Capitan Grande, about 35 miles east of San Diego, is the name of the canyon through which the San Diego River once ran. With abundant water, Kumeyaay Indians living there sustained themselves through farming.
In 1875, a presidential executive order withdrew lands from the federal domain, setting aside a number of small reservations, including the Capitan Grande Reservation from which the Viejas Band descended. Capitan Grande, patented in 1891, included portions of ancestral land of the Los Coñejos Band. In 1853, other Indians from Mission San Diego were given permission to locate on Capitan Grande by the federal Indian agent at the time. Over the years, other Indians were placed there, as well.
As the non-Indian population grew, demand for water increased. The city of San Diego built Lake Cuyamaca, laying its flume through the Capitan Grande Reservation and taking most of the San Diego River water originally used by the Kumeyaay. This left them only a small share from the city’s flume, resulting in crop losses on Indian farms. The city later decided to dam the river and take all of the water by creating El Capitan Reservoir. The Kumeyaay protested, but, at the wishes of land speculators and unknown to the Indians, Congress granted the city permission to purchase the heart of the Capitan Grande Reservation, where many Kumeyaay had built homes. From the proceeds of this forced “sale” of lands, some of the valley’s inhabitants, the Coapan Band, or Capitan Grande, bought Barona Valley and are now known as the Barona Band of Mission Indians.

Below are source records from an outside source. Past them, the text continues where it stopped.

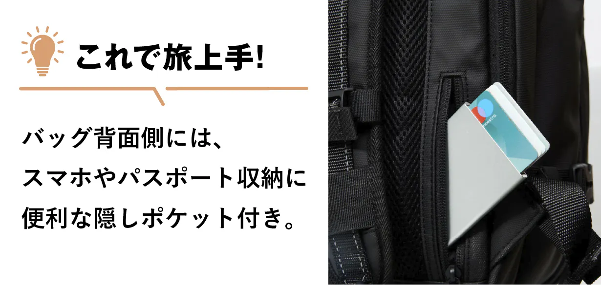 バッグ背面に貴重品の収納に便利な隠しポケットがついています。背負った時の背中に近い部分についているので、スマホやパスポート、クレジットカードなどの大切なものを守ってくれます。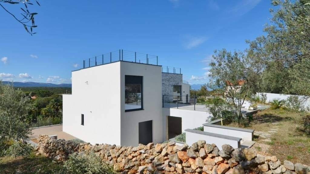 Zum Verkauf steht eine luxuriöse neue Villa auf der Insel Krk, im weiteren Bereich der Stadt Krk, die alles bietet, was Sie sich für ein entspanntes und elegantes Leben wünschen können. Die Villa erstreckt sich über 199,70 m2 und befindet sich auf einem großzügigen Grundstück von 1150 m2. Der gepflegte Außenbereich mit Pool, Terrasse und atemberaubendem Meerblick macht diese Immobilie ideal für einen Rückzugsort vom Alltag. Die Villa besteht aus einem Erdgeschoss mit drei komfortablen Schlafzimmern, zwei modernen Badezimmern, einem Heizungsraum und einem großzügigen Wohnzimmer mit einer Fläche von 37 m2, perfekt für Familienabende. Im Zwischengeschoss befindet sich eine Sauna und ein zusätzliches Badezimmer, während im ersten Stock ein elegantes Wohnzimmer, eine Küche mit Essbereich, ein Gäste-WC und eine großzügige Terrasse angeboten werden. Die Immobilie wurde nach höchsten Standards gebaut, mit hochwertigen Bodenbelägen, moderner ALU- und PVC-Fenster- und Türverkleidung, Klimaanlage und Fußbodenheizung. Mit der Vorbereitung für eine Ladestation für Elektroautos und drei Parkplätzen wurde die Villa mit dem Ziel von Komfort und Luxus entworfen. Die Villa befindet sich an einer ruhigen Lage, nur 3000 m vom Meer entfernt, und bietet sowohl Privatsphäre als auch die Nähe zu allen Annehmlichkeiten, die die Stadt Krk zu bieten hat.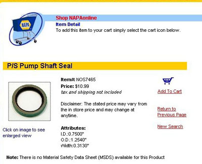 The shaft seal number is NOS7465 from NAPA.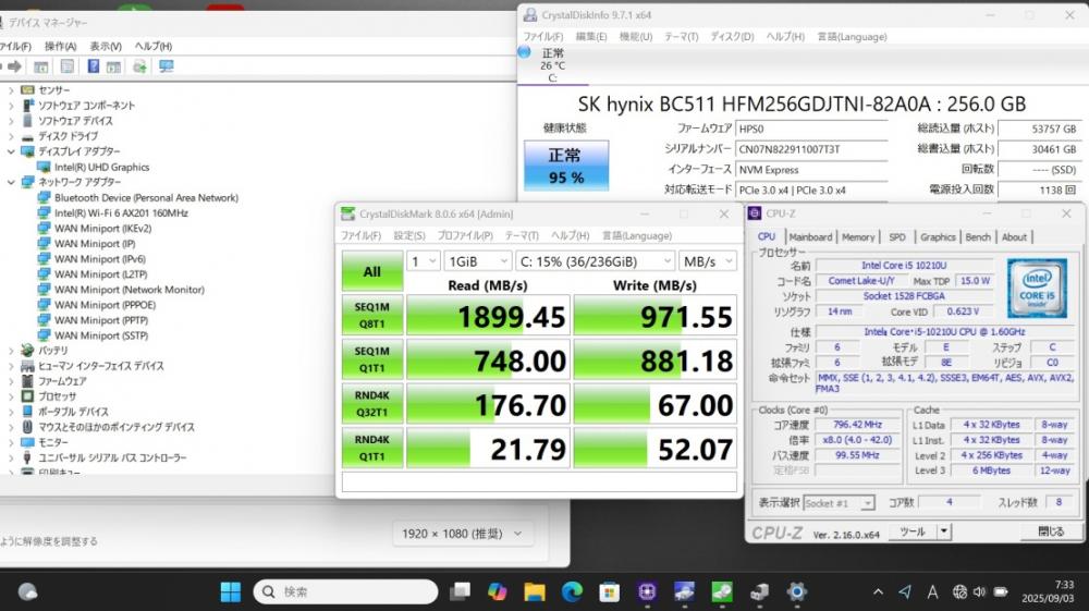 | CPU: 超高速 Intel 超高性能 第10世代Core i5-10210u 1.6Ghz、 4コア8スレッド (ターボ・ブースト利用時の最大周波数 4.2GHz) |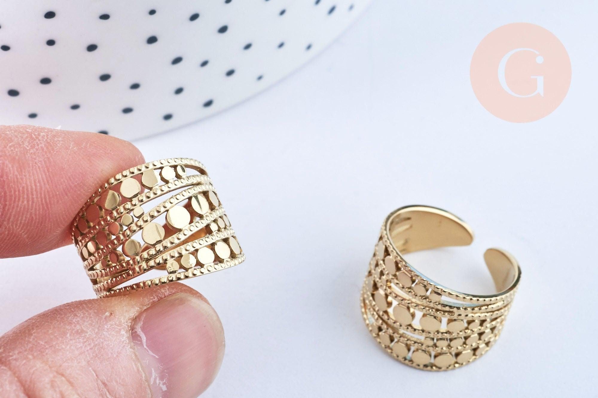 Bague réglable pois acier 304 inoxydable doré taille 54, x1 (G6569)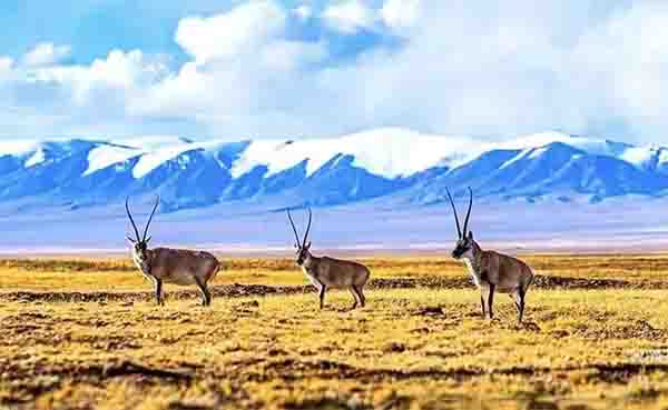 可可西里不仅以其独特的地理构造和非凡的自然美景,同时以230种野生动物和202种野生植物的珍藏,成为世界上令人惊叹的生物天堂。三分之一以上的高等植物是青藏高原所特有,靠这些植物生存的所有食草哺乳动物也只能在青藏高原中找寻,比如野牦牛、藏羚羊、野驴、白唇鹿等在此栖息,其中最具代表性的物种是藏羚羊。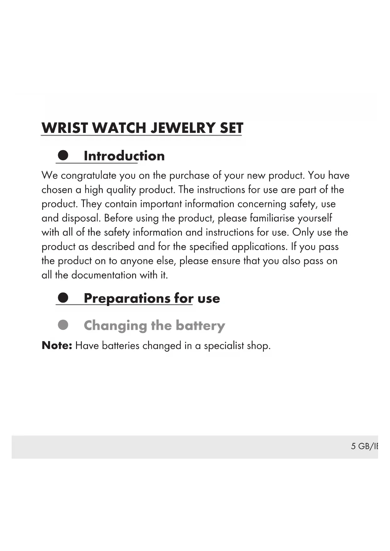 Introduction We congratulate you on the purchase of your new product. You have chosen a high quality product. The instructions for use are part of the product. They contain important information concerning safety, use and disposal. Before using the product, please familiarise yourself with all of the safety information and instructions for use. Only use the product as described and for the specified applications. If you pass the product on to anyone else, please ensure that you also pass on all the documentation with it. Preparations for use Changing the battery Note: Have batteries changed in a specialist shop.6 GB/IE/NI Display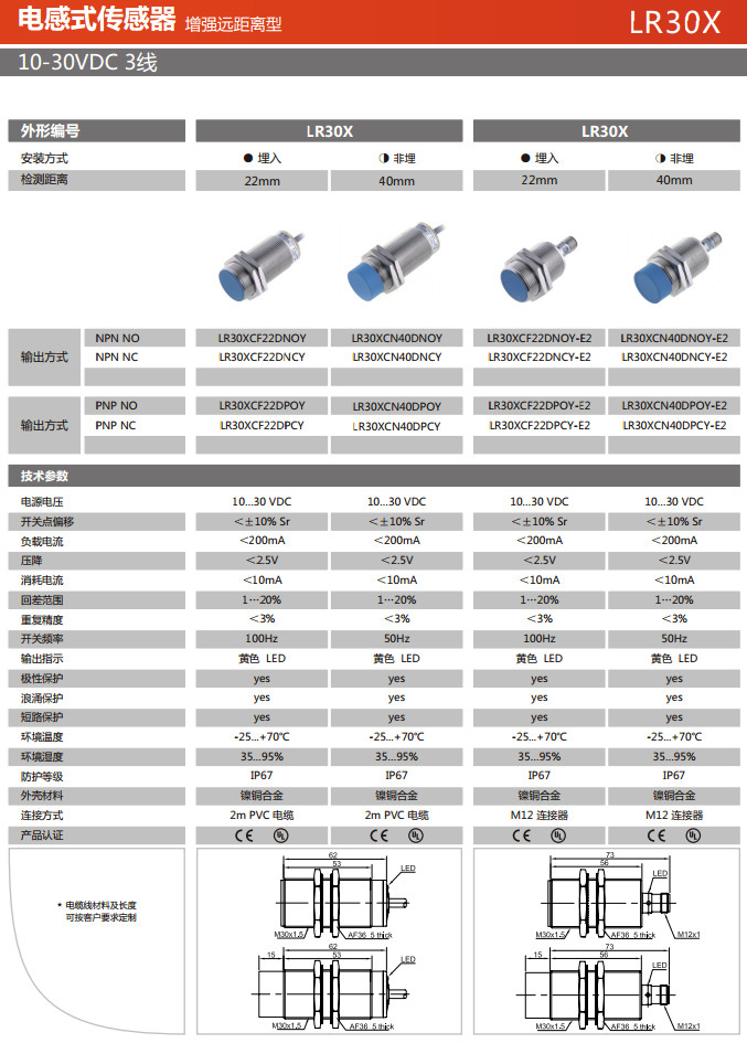LR30XCF22DNOY,LR30XCF22DNCY,LR30XCN40DNOY,LR30XCN40DNCY,LR30XCF22DPOY-E2,電感式傳感器

A group of 28 families, including members of the Los Coñejos Band, purchased the Viejas Valley land (once a ranch owned by Baron Long) and incorporated the name Viejas. A few other families bought private individual property with their compensation. After the move, the Viejas and Barona Bands were denied their water rights and each valley became solely dependent on meager supplies of rainfall and groundwater until the issue was resolved by court action.
Today, membership in the Viejas Band of Kumeyaay Indians is determined by direct descent from the families forced from Capitan Grande who pooled their shares of dam-site purchase money to buy Viejas Valley. The Viejas band continues to share a joint-trust patent with the Barona Band for the 15,000 remaining acres of the Capitan Grande Reservation.
Today, the Viejas Band of Kumeyaay Indians works to maintain their culture and sovereignty, and owns and operates Viejas Casino & Resort, Viejas Outlets, and Ma-Tar-Awa Recreational Vehicle Park.